(Record excerpts):
= = = = = = =

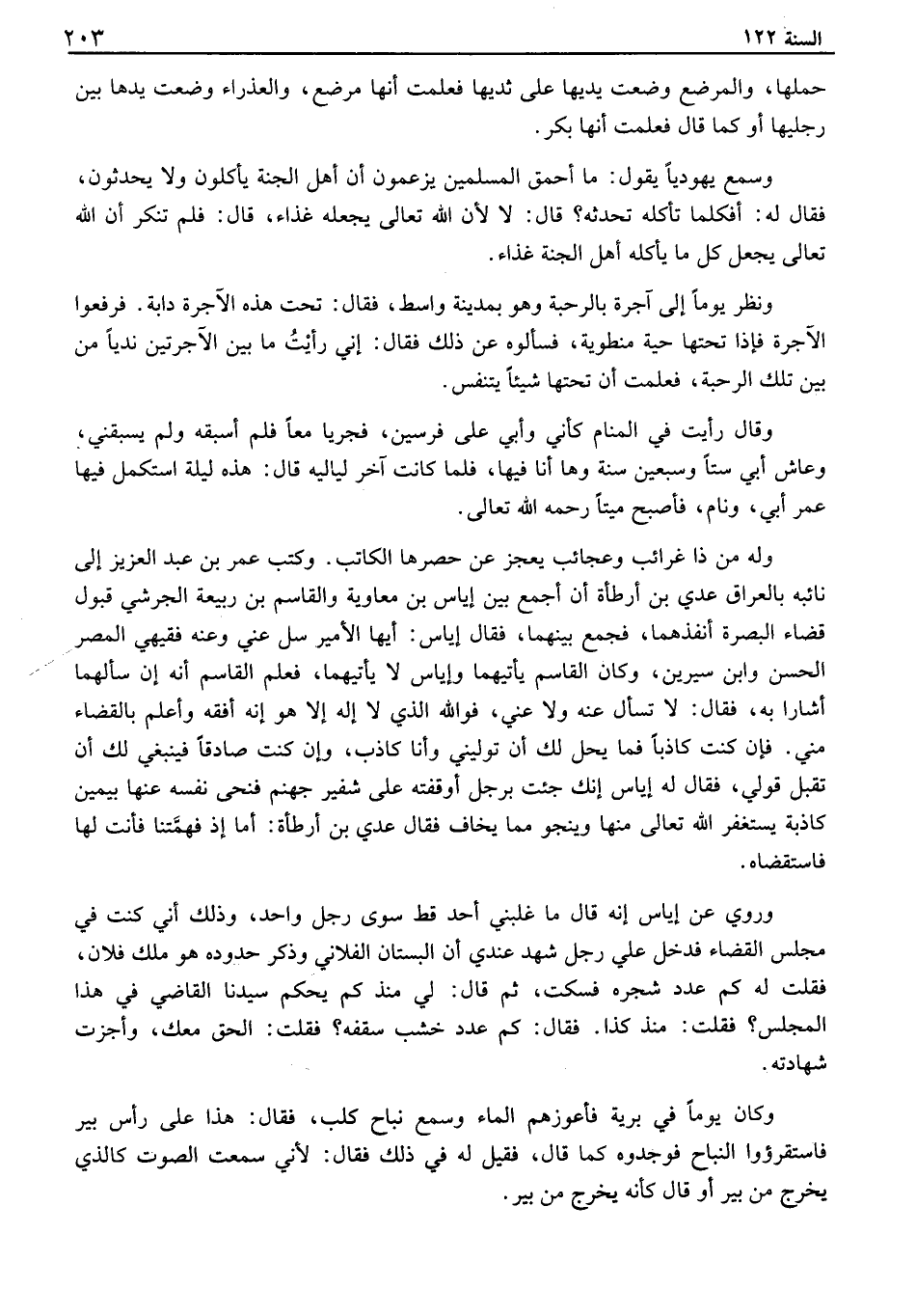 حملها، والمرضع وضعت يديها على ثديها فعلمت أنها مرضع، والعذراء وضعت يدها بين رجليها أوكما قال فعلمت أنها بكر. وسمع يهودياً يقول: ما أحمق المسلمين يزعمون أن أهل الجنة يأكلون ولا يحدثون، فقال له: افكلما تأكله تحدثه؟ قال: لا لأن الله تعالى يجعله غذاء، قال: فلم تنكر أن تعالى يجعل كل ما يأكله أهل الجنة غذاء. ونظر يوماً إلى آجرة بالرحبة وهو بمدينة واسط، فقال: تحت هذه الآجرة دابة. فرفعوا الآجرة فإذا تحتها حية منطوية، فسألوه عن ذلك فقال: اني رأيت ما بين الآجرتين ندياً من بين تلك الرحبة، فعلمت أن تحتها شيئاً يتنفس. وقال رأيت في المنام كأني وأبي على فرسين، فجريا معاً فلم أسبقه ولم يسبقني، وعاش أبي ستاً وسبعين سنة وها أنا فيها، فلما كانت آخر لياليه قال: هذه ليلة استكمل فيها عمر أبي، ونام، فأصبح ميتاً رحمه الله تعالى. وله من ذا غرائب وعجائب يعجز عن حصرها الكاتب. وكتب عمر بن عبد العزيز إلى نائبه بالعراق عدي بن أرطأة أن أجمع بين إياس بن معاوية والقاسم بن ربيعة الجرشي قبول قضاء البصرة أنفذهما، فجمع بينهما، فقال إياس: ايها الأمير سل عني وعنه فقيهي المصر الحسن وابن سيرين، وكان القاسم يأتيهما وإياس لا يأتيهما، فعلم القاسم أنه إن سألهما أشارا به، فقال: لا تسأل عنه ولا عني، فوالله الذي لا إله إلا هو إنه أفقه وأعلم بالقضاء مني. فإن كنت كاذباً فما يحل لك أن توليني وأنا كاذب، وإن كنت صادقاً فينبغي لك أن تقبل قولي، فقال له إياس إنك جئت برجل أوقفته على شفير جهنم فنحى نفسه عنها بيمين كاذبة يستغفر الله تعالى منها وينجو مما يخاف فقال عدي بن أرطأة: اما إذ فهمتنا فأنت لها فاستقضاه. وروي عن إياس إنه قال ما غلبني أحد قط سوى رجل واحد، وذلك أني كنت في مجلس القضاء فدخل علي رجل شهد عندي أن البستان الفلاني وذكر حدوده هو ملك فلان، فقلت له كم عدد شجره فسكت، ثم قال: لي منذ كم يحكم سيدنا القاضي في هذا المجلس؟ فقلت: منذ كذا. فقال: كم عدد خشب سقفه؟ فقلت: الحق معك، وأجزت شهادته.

= = = = = = =

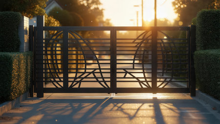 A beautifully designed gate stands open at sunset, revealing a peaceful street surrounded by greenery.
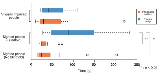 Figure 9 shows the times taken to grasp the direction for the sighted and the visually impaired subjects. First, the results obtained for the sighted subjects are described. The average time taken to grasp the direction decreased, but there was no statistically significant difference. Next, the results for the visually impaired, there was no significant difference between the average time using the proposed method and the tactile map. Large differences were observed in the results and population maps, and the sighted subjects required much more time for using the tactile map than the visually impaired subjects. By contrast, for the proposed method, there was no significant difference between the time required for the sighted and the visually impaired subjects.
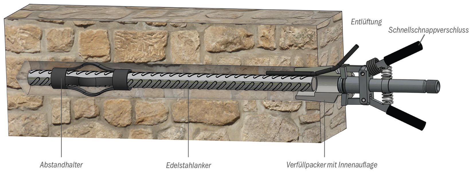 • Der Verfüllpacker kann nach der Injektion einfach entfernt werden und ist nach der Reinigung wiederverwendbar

= = = = = = =

(Instructions for the task):
Copy the lines above exactly, starting with the line that contains "A beautifully designed" and ending with the line that contains "der Reinigung wiederverwendbar", and leave out any pictures.

(Reply):
 A beautifully designed gate stands open at sunset, revealing a peaceful street surrounded by greenery.
 Figure 9 shows the times taken to grasp the direction for the sighted and the visually impaired subjects. First, the results obtained for the sighted subjects are described. The average time taken to grasp the direction decreased, but there was no statistically significant difference. Next, the results for the visually impaired, there was no significant difference between the average time using the proposed method and the tactile map. Large differences were observed in the results and population maps, and the sighted subjects required much more time for using the tactile map than the visually impaired subjects. By contrast, for the proposed method, there was no significant difference between the time required for the sighted and the visually impaired subjects.
 • Der Verfüllpacker kann nach der Injektion einfach entfernt werden und ist nach der Reinigung wiederverwendbar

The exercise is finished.